What is the difference between GLM and GEE? Whats the difference between a GLM model (logistic regression) with a binary response variable which includes subject and time as covariates and the analogous GEE model which takes into account correlation between measurements at multiple time points?  
My GLM looks like:
Y(binary) ~ A + B1X1(subject id) + B2X2(time) 
              + B3X3(interesting continuous covariate)

with logit link function.
I'm looking for a simple (aimed at the social scientist) explanation of how and why time is treated differently in the two models and what the implications would be for interpretation. 
 A: There may be a better and more detailed answer out there, but I can give you some simple, quick thoughts.  It appears that you are talking about using a Generalized Linear Model (e.g., a typical logistic regression) to fit to fit data gathered from some subjects at multiple time points.  At first blush, I see two glaring problems with this approach.  
First, this model assumes that your data are independent given the covariates (that is, after having accounted for a dummy code for each subject, akin to an individual intercept term, and a linear time trend that is equal for everybody).  This is wildly unlikely to be true.  Instead, there will almost certainly be autocorrelations, for example, two observations of the same individual closer in time will be more similar than two observations further apart in time, even after having accounted for time.  (Although they may well be independent if you also included a subject ID x time interaction--i.e., a unique time trend for everybody--but this would exacerbate the next problem.)  

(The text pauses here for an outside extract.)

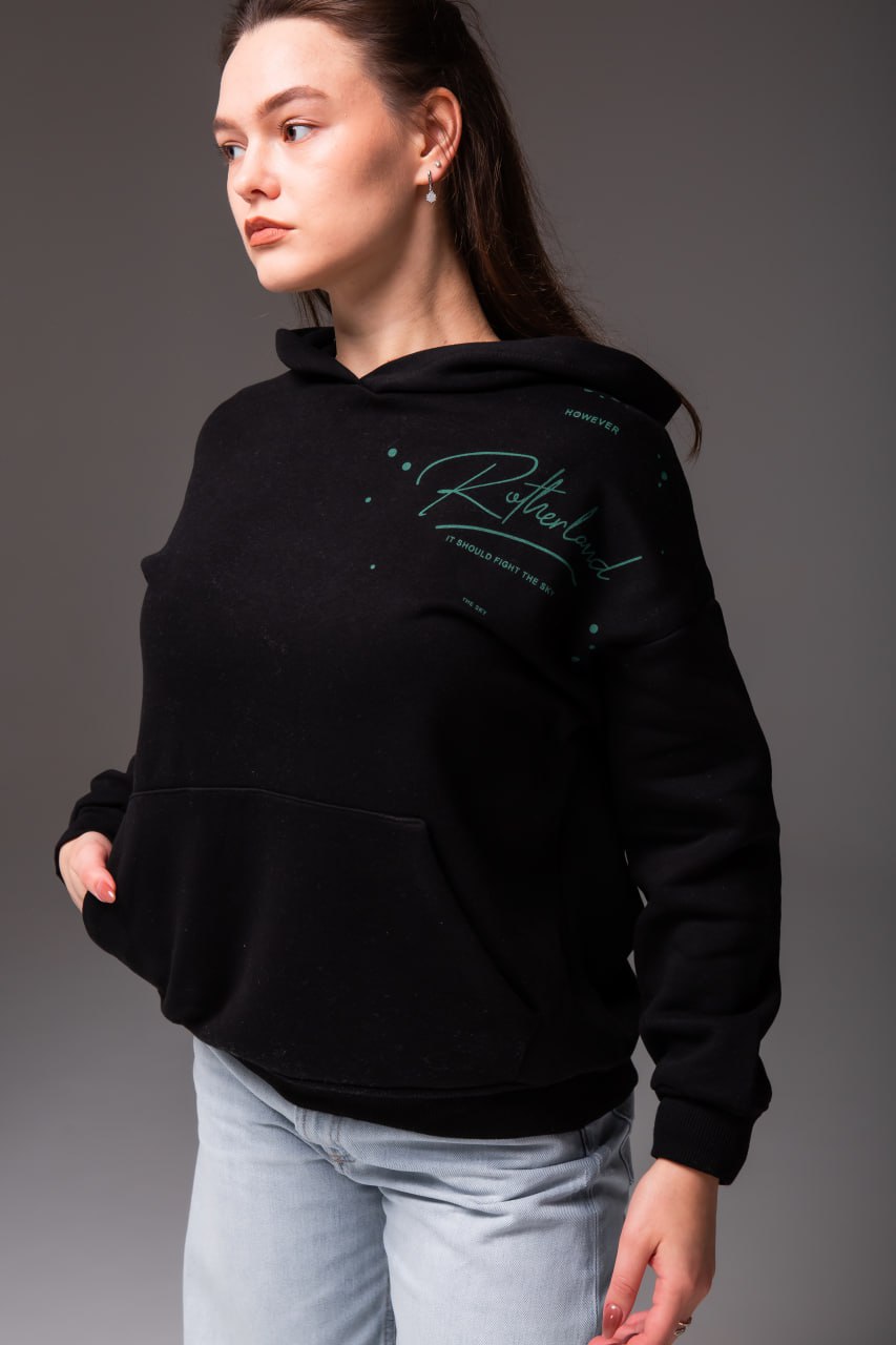 Женское Утепленное Базовое Черное Худи Оверсайз на Флисе

Second, you are going to burn up an enormous number of degrees of freedom estimating a parameter for each participant.  You are likely to have relatively few degrees of freedom left with which to try to accurately estimate your parameters of interest (of course, this depends on how many measurements you have per person).  
Ironically, the first problem means that your confidence intervals are too narrow, whereas the second means your CIs will be much wider than they would have been if you hadn't wasted most of your degrees of freedom.  However, I wouldn't count on these two balancing each other out.  For what it's worth, I believe that your parameter estimates would be unbiased (although I may be wrong here).  

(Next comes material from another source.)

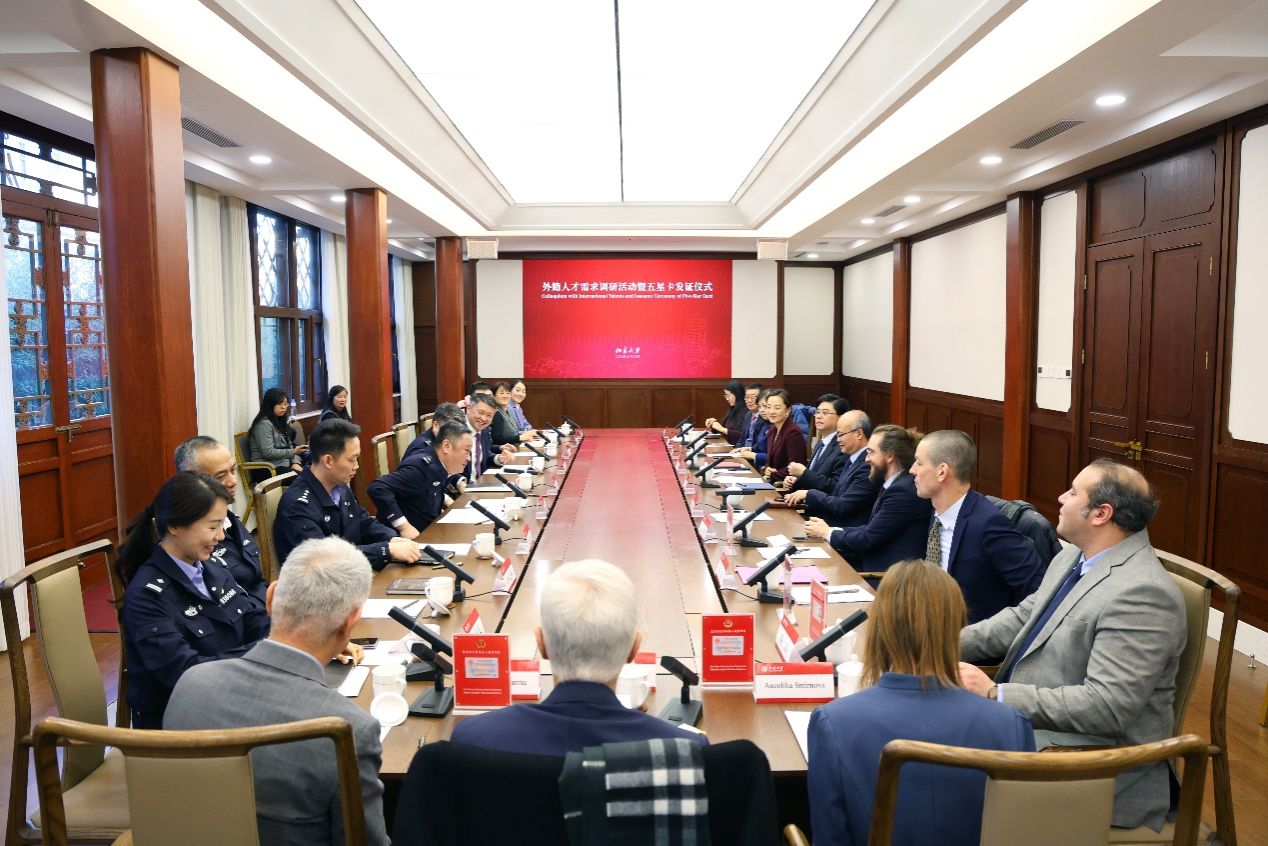 12月23日下午,外籍人才需求调研活动暨五星卡发证仪式在北京大学治贝子园北厅举行。本次活动由北京市公安局、北京市人才工作局与北京大学共同主办,旨在为在京外籍专家颁发五星卡,并听取用人单位和外籍人才对引才服务与出入境政策的意见建议。北京市公安局、北京市人才工作局、北京大学、中国外文局、中国日报社等单位领导及多位在京外籍专家学者共同出席活动。

Using the Generalized Estimating Equations is appropriate in this case.  When you fit a model using GEE, you specify a correlational structure (such as AR(1)), and it can be quite reasonable that your data are independent conditional on both your covariates and the correlation matrix you specified.  In addition, the GEE estimate the population mean association, so you needn't burn a degree of freedom for each participant--in essence you are averaging over them.  
As for the interpretation, as far as I am aware, it would be the same in both cases: given that the other factors remain constant, a one-unit change in X3 is associated with a B3 change in the log odds of 'success'.